Natale Italiani

Il carissimo Natale degli italiani: buoni sì, ma fessi no!

Cristina Siciliano 22/12/2022
Updated 2022/12/22 at 1:52 PM
5 Minuti per la lettura

Pandori o rincari? In arrivo il Natale più caro degli ultimi anni per gli italiani. Dalla pasta al pandoro, passando per la carne e il pesce: sono previsti aumenti in tutto il settore alimentare. Ma anche per i regali, gli addobbi per la casa e i viaggi. 

Aggiungere un posto a tavola a Natale per gli italiani è purtroppo roba da ricchi. Gli aumenti viaggiano verso una crescita esorbitante stimata del 30% e riguardano quasi tutto il corredo gastronomico. Infatti, per chi decide di rispettare le tradizioni, tra albero, pandori, panettoni, prosecco ma anche i più “necessari” pesce e carne il rincaro è circa del 14% secondo Coldiretti e Censis, rispetto al 2021. 

Ma, anche sul fronte regali si procede male. La carta, ad esempio, è aumentata del 30% in linea con tutto il resto. Stesso discorso per i contenitori come scatole e scatolette di cartone e cartoncino, ma anche per la lavorazioni da utilizzare come centro tavola.

Il carissimo Natale degli italiani: costi alle stelle

Secondo l’analisi di Coldiretti (su dati Istat) l’inflazione già a novembre ha raggiunto livelli da record, rispetto allo stesso mese dell’anno precedente, con un impatto che rischia di pesare sui consumi in vista del Natale. Ma, andiamo nel dettaglio.

Secondo le stime dell’Associazione dei consumatori la brutta sorpresa è arrivata soprattutto sul fronte di pandori e panettoni. Infatti, si registrano aumenti in media del +37%, con punte per alcune marche del +59%.

Inoltre, il Codacons ha osservato che mercato italiano di panettoni e pandori vale circa 700 milioni di euro annui per quasi 100.000 tonnellate di dolci natalizi prodotti dai grandi soggetti industriali, a parità di consumi i rincari di questi due prodotti potrebbero costare complessivamente 260 milioni di euro. I rincari riguardano anche degli alberi e dei natalizi, i cui prezzi – secondo le rilevazioni – sono aumentati di circa il 40% rispetto all’anno scorso.
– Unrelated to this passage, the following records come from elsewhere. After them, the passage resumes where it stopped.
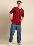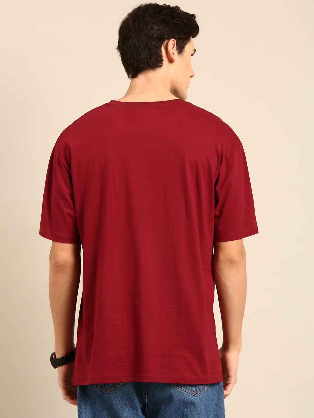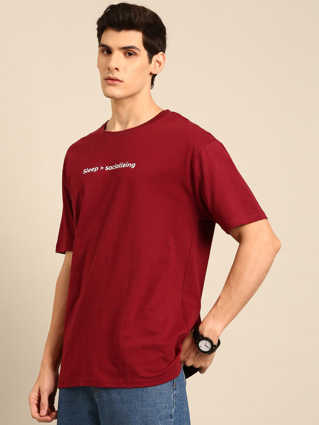 Get some sleep and socialize in our Maroon Typography Print Oversized Fit T-Shirt! This quirky tee will keep you comfortable with its oversized fit and stylish with its unique typography print. Perfect for a casual day out or a cozy night in.
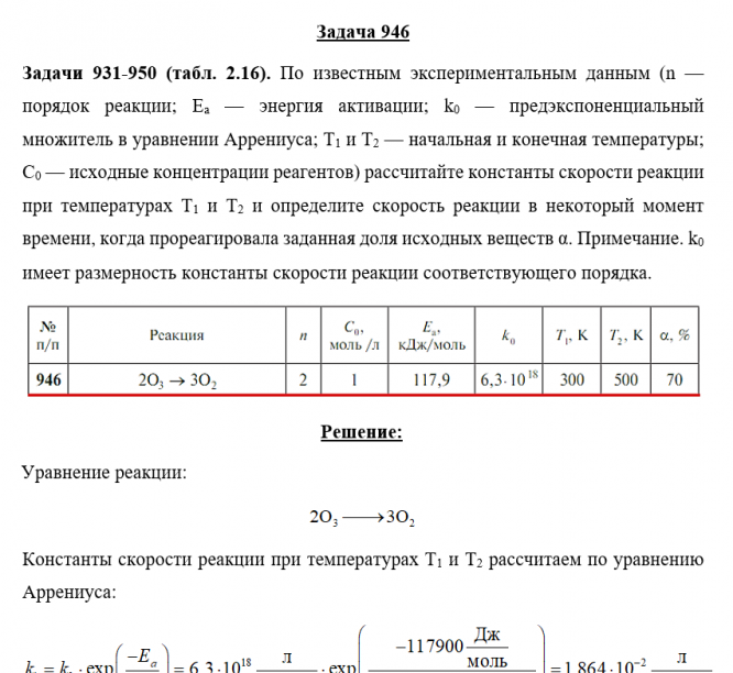 Главная » Учебные материалы » Химия » Решения задач » Несколько классов/семестров » Номер 946 » Задача 946 - По известным экспериментальным данным (n — порядок реакции; Ea — энергия активации; k0 — предэкспоненциальный множитель в уравнении Аррениуса; Т1 и Т2 — начальная и конечная температуры; С0 — исходные концентрации реагентов) рассчитайте
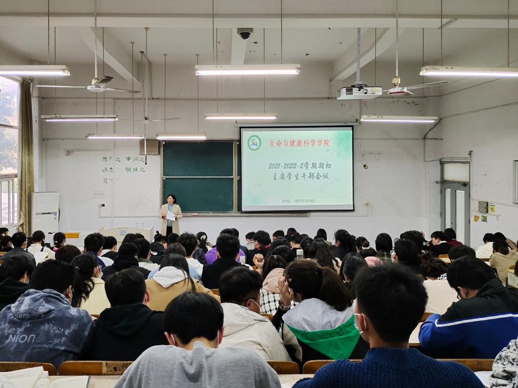 3月9日下午,生命与健康科学学院于求知楼A101教室召开本学期期初主要学生干部会议。学院党委副书记彭丽萍、正科级辅导员兼正科级组织员邓艳萍、分团委副书记姜毅、副科级辅导员刘国祥以及专职辅导员孙玉楼、张迪出席会议。毕业班各班班长、团支书,非毕业班各班班长、团支书、学习委员,团委、学生会、易班主要学生干部参加会议。本次会议由刘国祥主持。
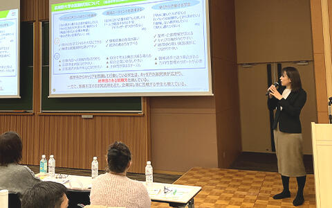 2月7日、有明キャンパスにて学部1・2年生の保護者の方を対象とした「保護者向け就職説明会」を開催しました。当日はあいにくの雪模様でしたが、大教室が満席となるほど多くの保護者の皆様がご来場くださり、最新の就活動向の共有や、学生・卒業生を交えたパネルディスカッションを通じて、学生の将来を共に考える有意義な時間となりました。
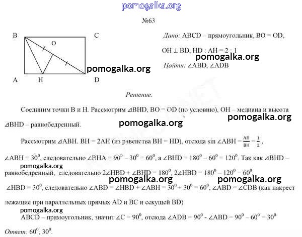 Готовые ответы - Геометрия 8 класс Казаков В.В. - задача 63
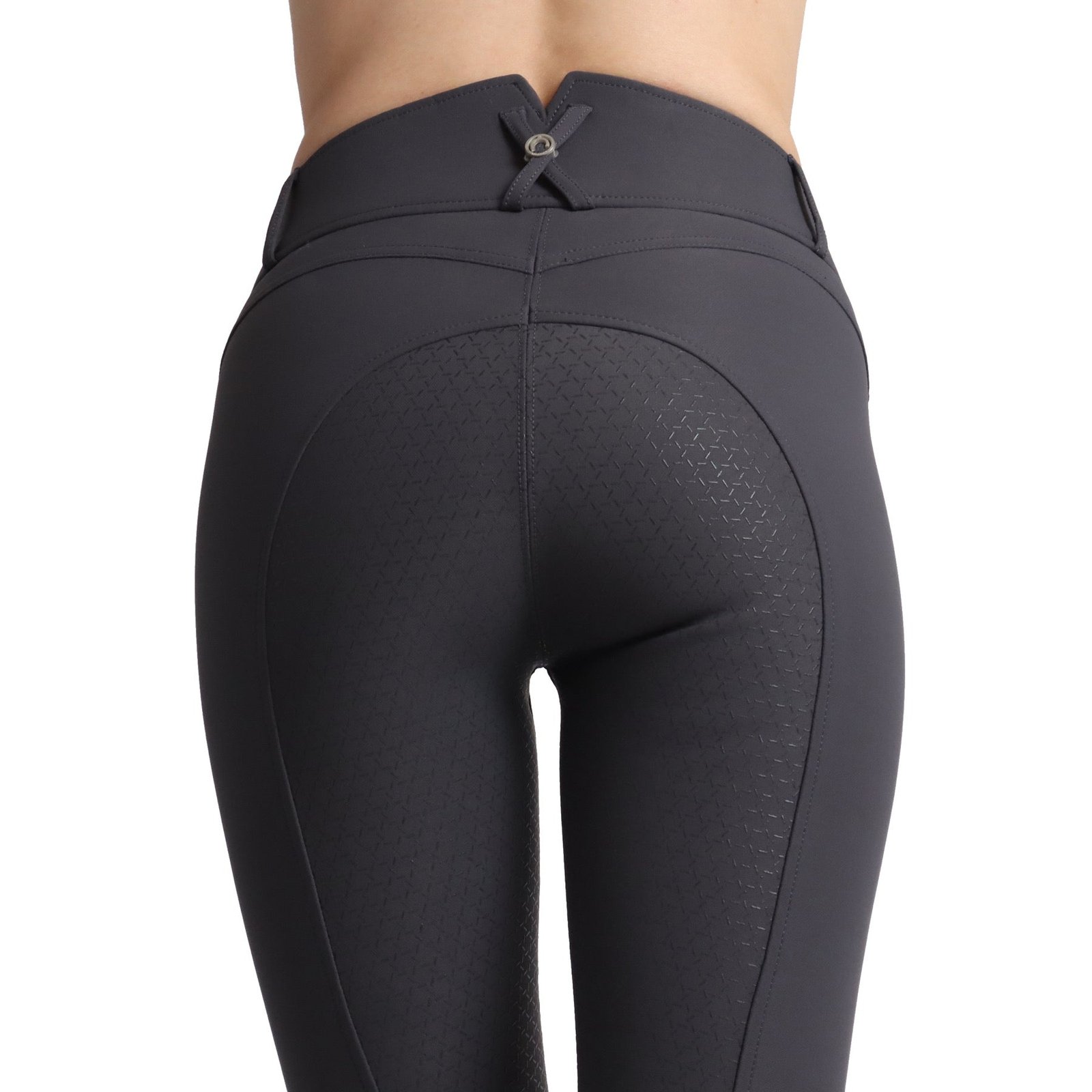 The Molly Model is part of our Essential Collection. These breeches are available in trendy high waist cut. The back has a v-cut in the waistband. That assure a tight fit at your waist. At the front there are 2 pockets, one decorated with a silver bit with small clear rhinestones on. At the ankle there is a lycra triangle for perfect fit.
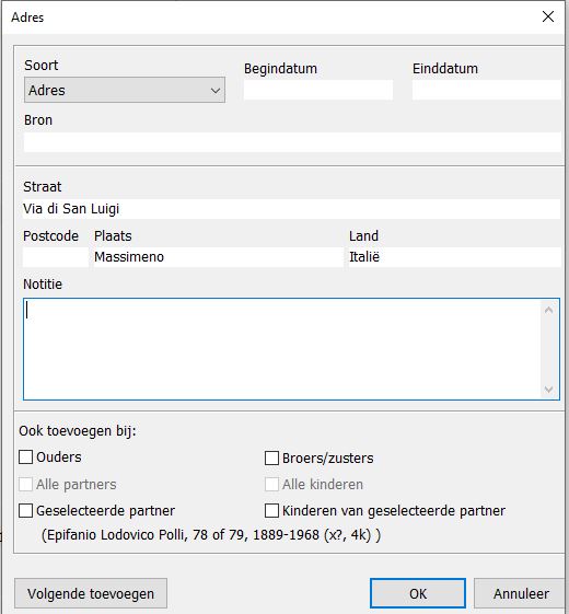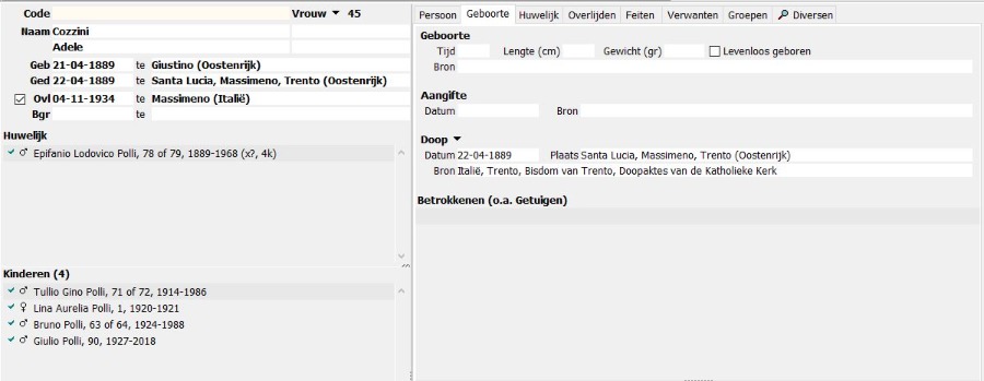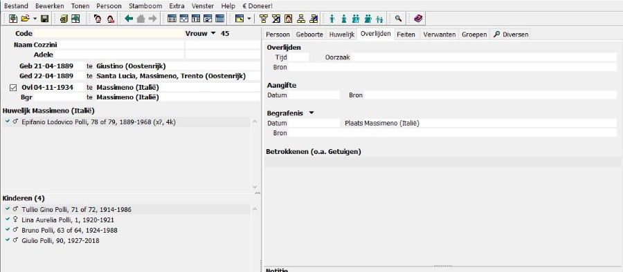 De plaatsaanduiding Massimeno (Italië) verschijnt op dit moment omdat ik het bij geboorteplaats zo heb ingevoerd.
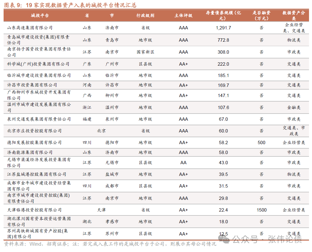 我們將已完成數據資產入表的19家城投平臺基本情況匯總展示如下:
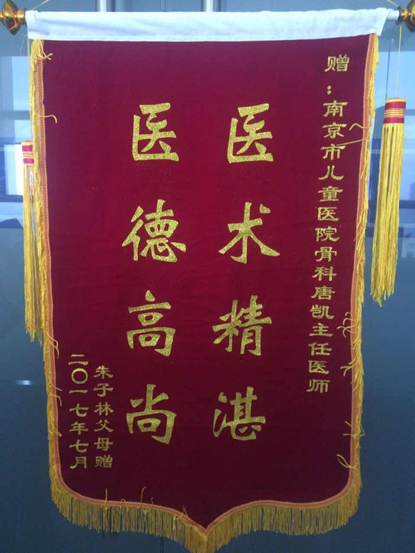 赠:南京市儿童医院骨科唐凯主任医师医术精湛 医德高尚朱子林父母赠二〇一七年七月

Ma non è finita qui. I rincari interessano anche luci e addobbi di vario genere: per le luminarie si registrano aumenti in media del 25%, mentre per le palline di Natale e decorazioni varie i prezzi risultano essere aumentati del 20% rispetto al 2021.

I rincari per la cena di Natale

Il costo del menu è in aumento del 13,2% per la Vigilia di Natale e del 9,6% per Capodanno. Lo ha indicato l’indagine dell’Osservatorio nazionale Federconsumatori.

40 euro a persona al ristorante

Per chi sceglierà di fare la cena della Vigilia di Natale presso la propria abitazione o in quella di parenti e amici, circa il 32,6% prenoterà almeno uno tra il pranzo di Natale e la vigilia di Capodanno presso un ristorante o un locale. Riguardo alla spesa media per il menu classico della cena del 24 dicembre sarà di 40,42 euro a persona, con un aumento del 13,2% rispetto allo scorso anno, mentre per il menu low cost la cifra si attesterà a quota 21,80 euro a persona, con un incremento del 21,7% rispetto al 2021.

Per il cenone di Capodanno, il menu classico costerà 49,60 euro a persona (+9,6% rispetto al 2021). L’opzione più economica e conveniente, invece, implicherà una spesa inferiore del 40% rispetto al menu classico: 29,88 euro a testa (+6,7% rispetto al 2021). Il picco degli aumenti più significativi riguardano il pesce e la frutta secca.

Rincari hotel e skipass

Chi resterà in Italia per le feste di fine anno, ma sceglierà di trascorrere qualche giorno di relax fuori casa, dovrà fare i conti con i rincari di hotel e strutture ricettive, le cui tariffe aumentano in media del 12,9% rispetto allo scorso Natale. E per finire c’è il caro-montagna, con i prezzi degli skipass saliti in media tra il 10% e il 13% rispetto alla scorsa stagione sciistica, e la classica settimana bianca che costa quest’anno tra i 1.400 e i 1.600 euro a persona.